Кло Андре - Харун Ар-Рашид
По сравнению со всем этим работа интеллектуалов, попавших на Ближний Восток с крестовыми походами, выглядит малозначительной. Немногих заинтересовали научные и литературные труды народов, побежденных христианскими рыцарями. Только Аделард Батский и Этьен Антиохийский провели некоторое время на Востоке, занимаясь переводами. В частности, Аделард, англичанин по происхождению, перевел «Астрономические таблицы» ал-Хорезми и «Начала» Евклида.
Поэзия в эпоху Праведного халифаВлияние Древней Греции, а также Ирана и Индии на арабскую поэзию было минимальным. Арабы просто не были знакомы с греческой поэзией. Имена Гомера и Аристофана не говорили им ничего. При Аббасидах не предпринималось никаких попыток переводить иноземную поэзию. Впрочем, как отмечает писатель Джахиз, перевести поэзию невозможно: «Ее текстура рвется, размер рушится, красота исчезает…, это не более чем проза»[139]. Арабов интересовала философия и науки побежденных народов, а не их стихи.

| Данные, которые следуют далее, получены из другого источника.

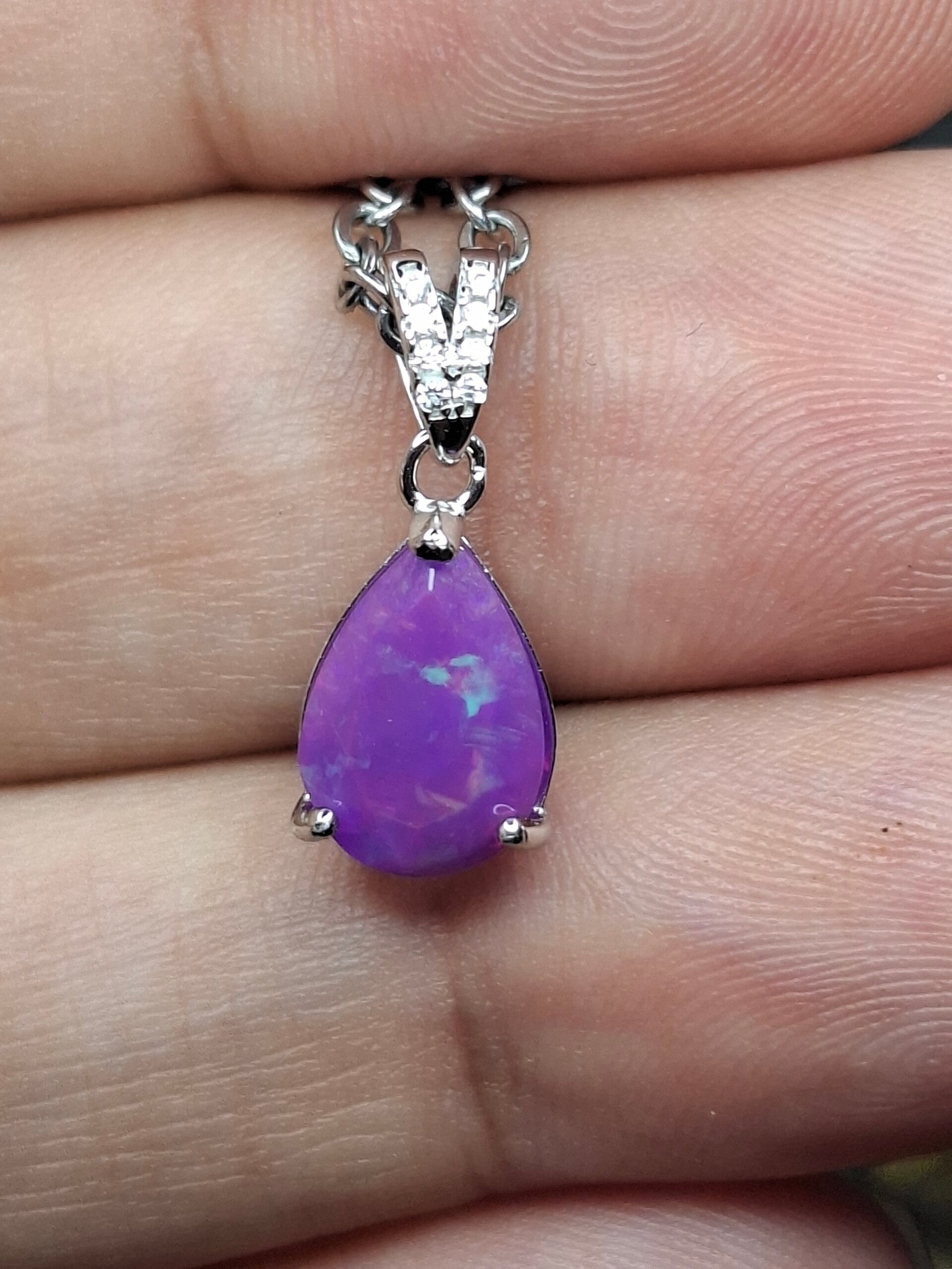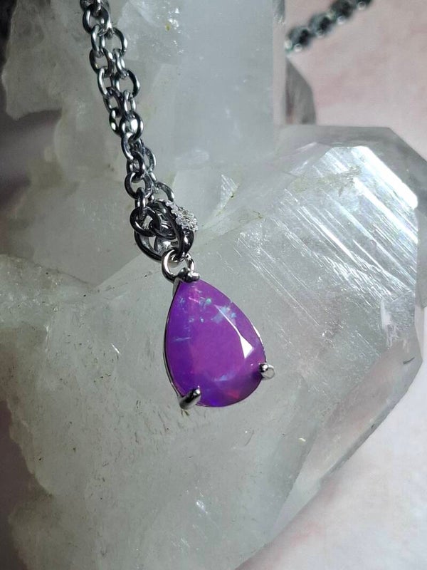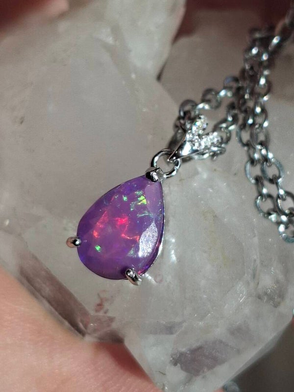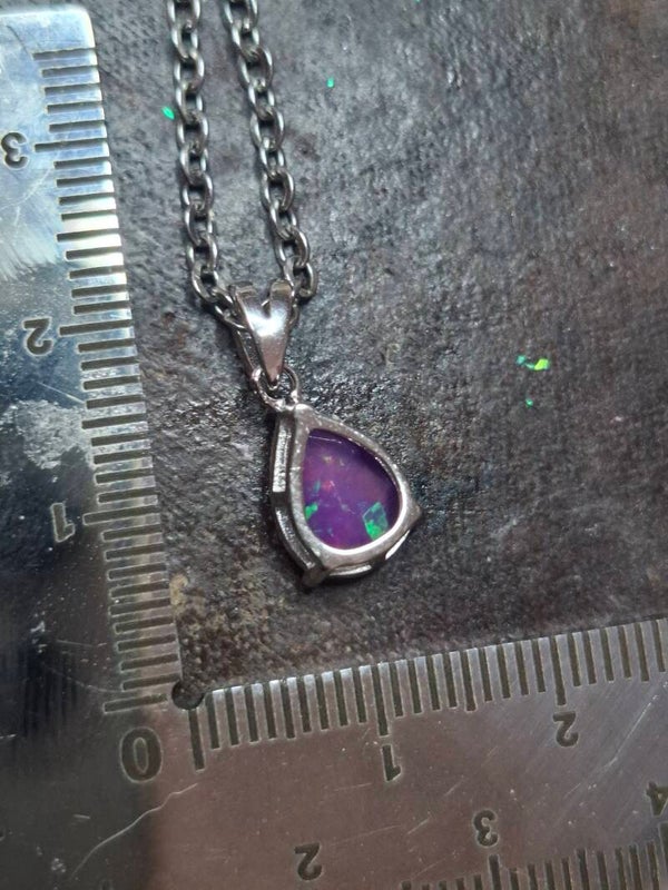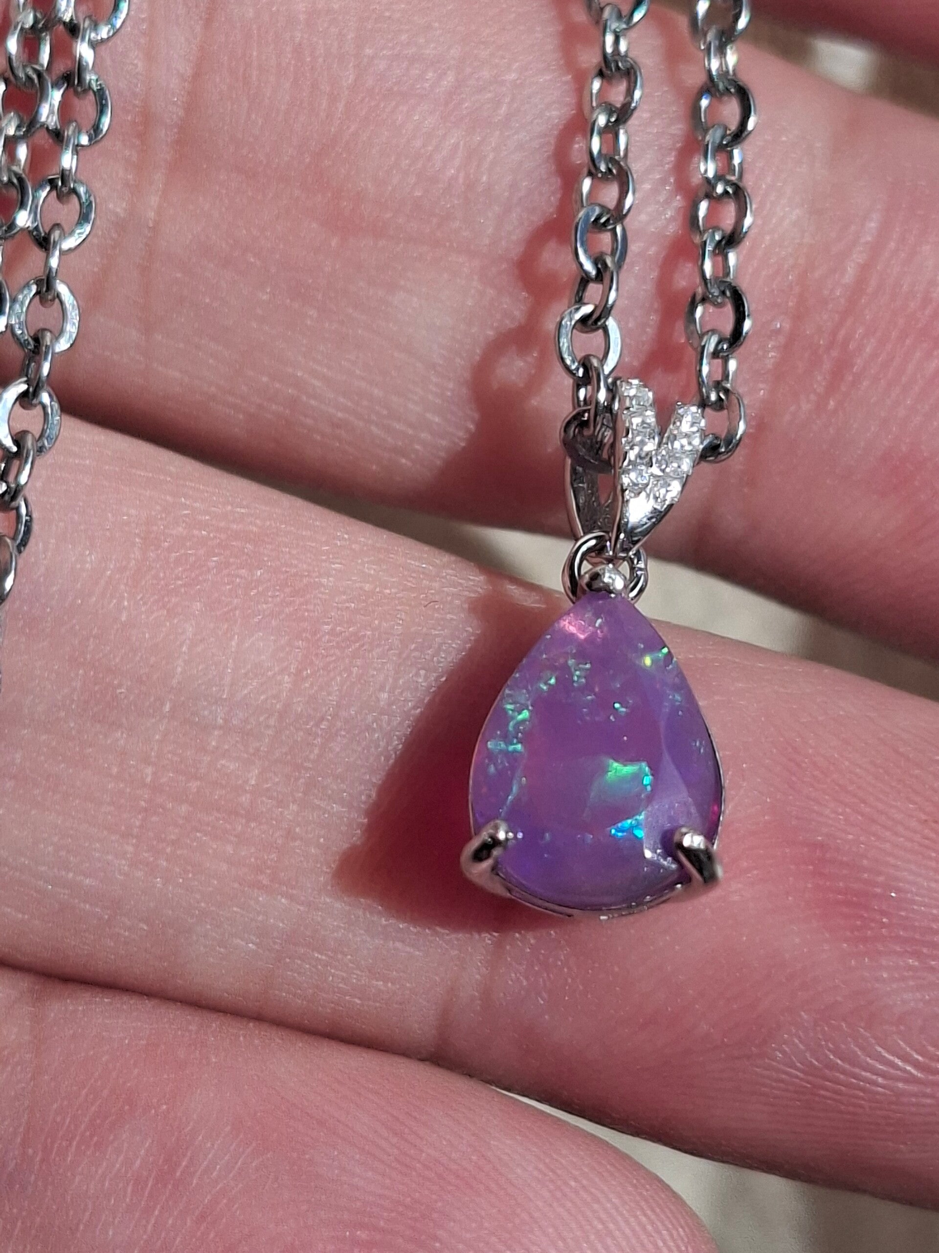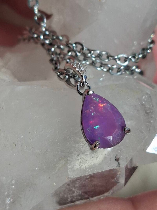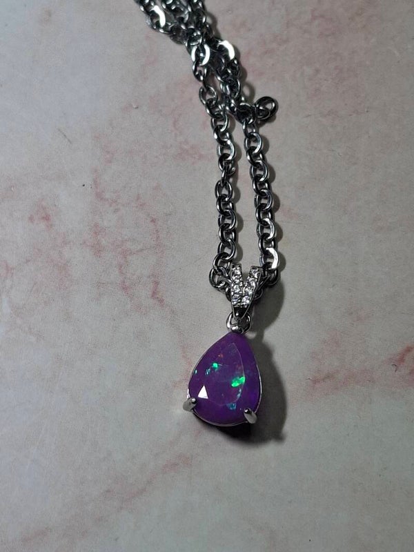 Neuf. Pendentif s925 zircon avec opale facetté goutte mauve reflet multicolore
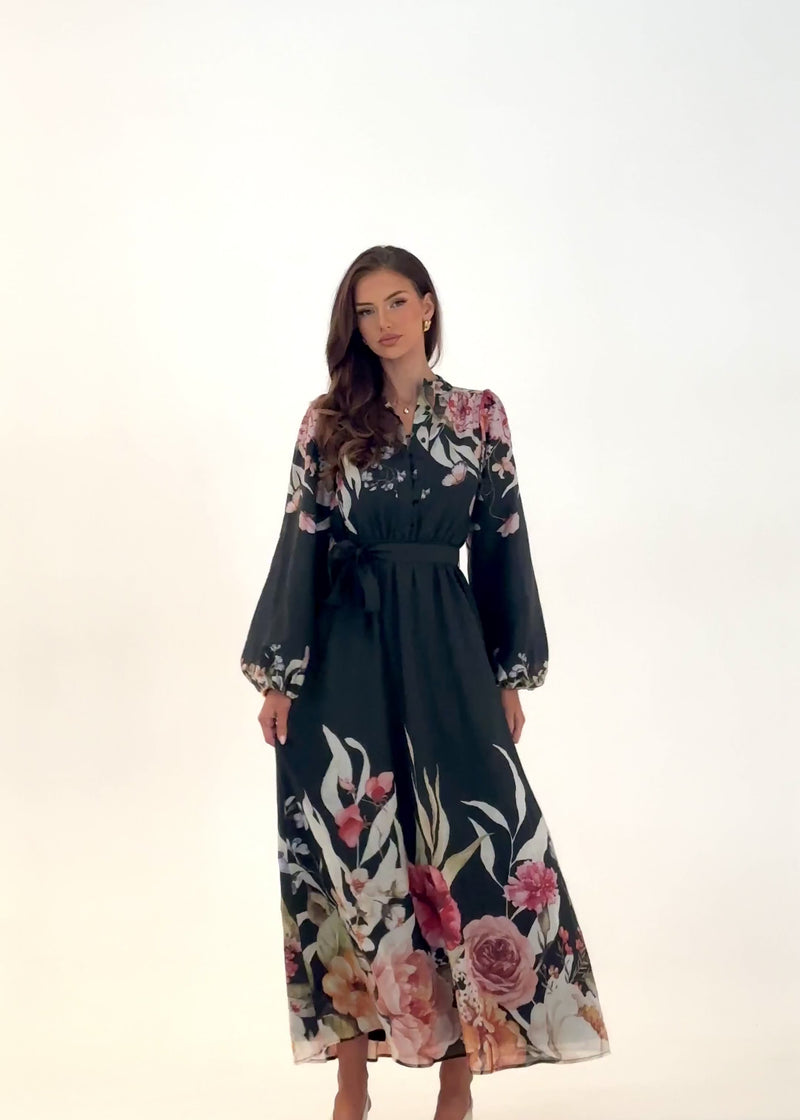 Elegant and versatile, the Tracie Maxi Dress - Black Garden pairs beautifully with block heels and a clutch for evening events or sandals and a denim jacket for day outings. A timeless floral you’ll wear on repeat.
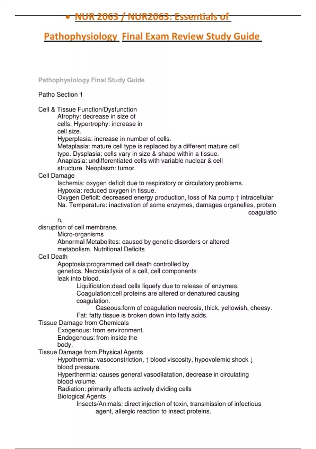 NUR 2063 / NUR2063: Essentials of Pathophysiology Final Exam Review Study Guide (Latest 2023) Rasmussen 100% Complete Pathophysiology Final Study Guide Patho Section 1 Cell & Tissue Function/Dysfunction Atrophy: decrease in size of cells. Hypertrophy: increase in cell size. Hyperplasia: increase in number of cells. Metaplasia: mature cell type is replaced by a different mature cell type. Dysplasia: cells vary in size & shape within a tissue. Anaplasia: undifferentiated cells with variable nuclear & cell structure. Neoplasm: tumor. Cell Damage Ischemia: oxygen deficit due to respiratory or circulatory problems. Hypoxia: reduced oxygen in tissue. Oxygen Deficit: decreased energy production, loss of Na pump ↑ intracellular Na. Temperature: inactivation of some enzymes, damages organelles, protein coagulatio n, disruption of cell membrane. Micro-organisms Abnormal Metabolites: caused by genetic disorders or altered metabolism. Nutritional Deficits Cell Death Apoptosis:programmed cell death controlled by genetics. Necrosis:lysis of a cell, cell components leak into blood. Liquification:dead cells liquefy due to release of enzymes. Coagulation:cell proteins are altered or denatured causing coagulation. Caseous:form of coagulation necrosis, thick, yellowish, cheesy. Fat: fatty tissue is broken down into fatty acids. Tissue Damage from Chemicals Exogenous: from environment. Endogenous: from inside the body, Tissue Damage from Physical Agents Hypothermia: vasoconstriction, ↑ blood viscosity, hypovolemic shock ↓ blood pressure. Hyperthermia: causes general vasodilatation, decrease in circulating blood volume. Radiation: primarily affects actively dividing cells Biological Agents Insects/Animals: direct injection of toxin, transmission of infectious agent, allergic reaction to insect proteins. NUR 2063 / NUR2063: Essentials of Pathophysiology Final Exam Review Study Guide (Latest 2023) Food Poisoning Rasmussen 100% Complet

В доисламский период безраздельно царствовала лирическая поэзия, которую декламировали речитативом. С незапамятных времен эти стихи, отличавшиеся языковым богатством, воспевали мужество героев, природу, любимую женщину, животных, уединение кочевника в пустыне. Эта поэзия существовала еще и при Омейя-дах, но по мере того как менялся жизненный уклад арабов, развивался и способ выражения чувств. Влияние Ирана не было чуждым для арабов. На смену словесности бескрайних просторов пришла утонченная литература городов. Жизнь бедуинов стала воспоминанием, и возникла новая поэтическая форма, состоявшая из коротких сочинений с более гибким размером (раджаз), воспевавших вино, сады, охоту, любовь к певицам и юношам.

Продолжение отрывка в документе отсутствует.